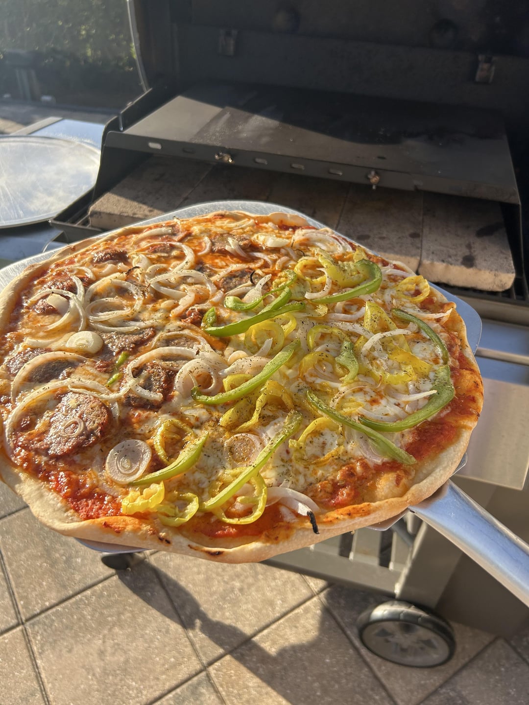 Enjoyed seeing everyone’s pizzas for a long time. This is my first post of pies. These were to share with our son visiting us here in SW Florida.by WebberPizza 5 Comments Mobile_Aioli_6252 5 months ago Beautiful looking pizza pie MrZeDark 5 months ago It looks delicious, any reason though why there is no rise? Were you going for a tavern style’esque? 🙂 TranscendentalObject 5 months ago Is it frustrating to maintain heat with that setup? Pies look good ! agoogua 5 months ago That second one looks great, although I like my toppings cut up into smaller pieces than that personally. PUSSAD 5 months ago What is that you’re using for a deflector? Are those fire bricks the pizza is on? Very interested in this setup. Pies look great!Write A CommentYou must be logged in to post a comment.
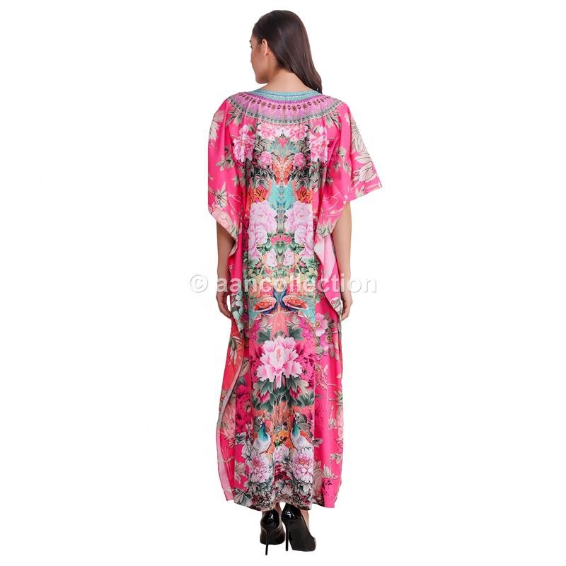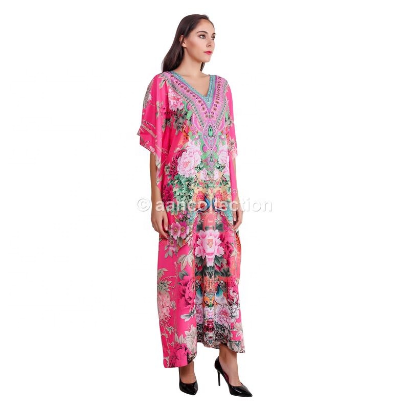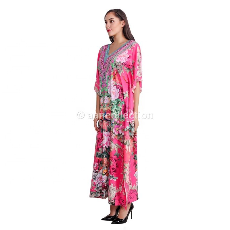Q.1 - I wish to get my own design printed for a kaftan, Can you do it ? If Yes what will be the MOQ?Ans. Yes certainly we can print your own design on your choice of fabric. You can send us hi resolution images and we aill print the same on the fabric. Further if you want you can share us an inspiration image and we will create a design exclusively for you based on the inspiration. We do not bound our clients with MOQ but being a manufacturer we prefer wholesale order and do not fulfill retail order.
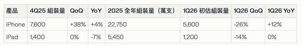 至於 2026 年第一季,iPad 組裝量預估約 1,200 萬支,季減 14%、年持平,整體表現仍符合季節性走勢。大摩認為,整體來看,iPhone 將是 2026 年初蘋果硬體動能的主要支撐來源。
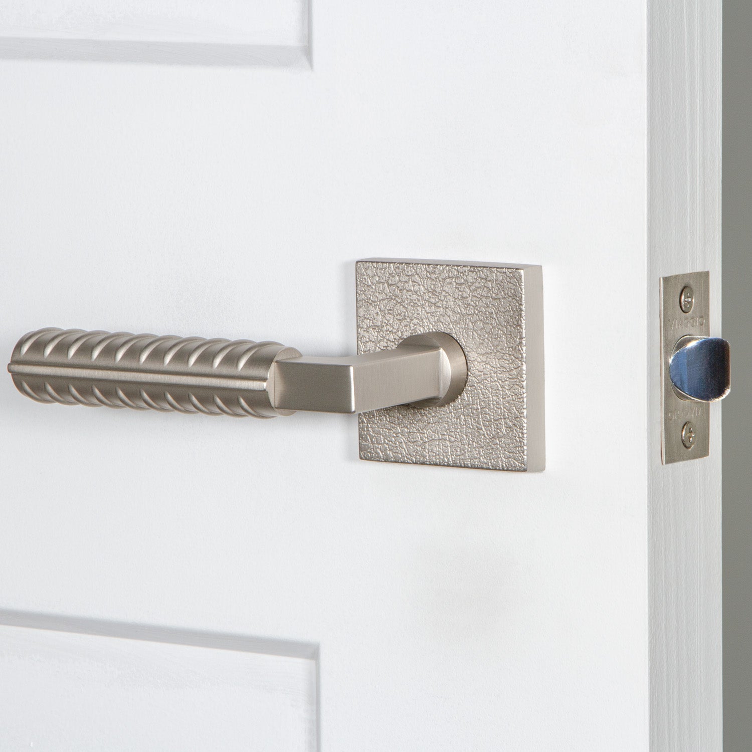 Quadrato Leather Rosette with Contempo Rebar Lever in Satin Nickel

● **Exercise**
Copy, without the pictures, exactly the lines from the line with "至於 2026 年第一季,iPad" through the end of the material above, both ends included.

● **Result**
 至於 2026 年第一季,iPad 組裝量預估約 1,200 萬支,季減 14%、年持平,整體表現仍符合季節性走勢。大摩認為,整體來看,iPhone 將是 2026 年初蘋果硬體動能的主要支撐來源。
 Quadrato Leather Rosette with Contempo Rebar Lever in Satin Nickel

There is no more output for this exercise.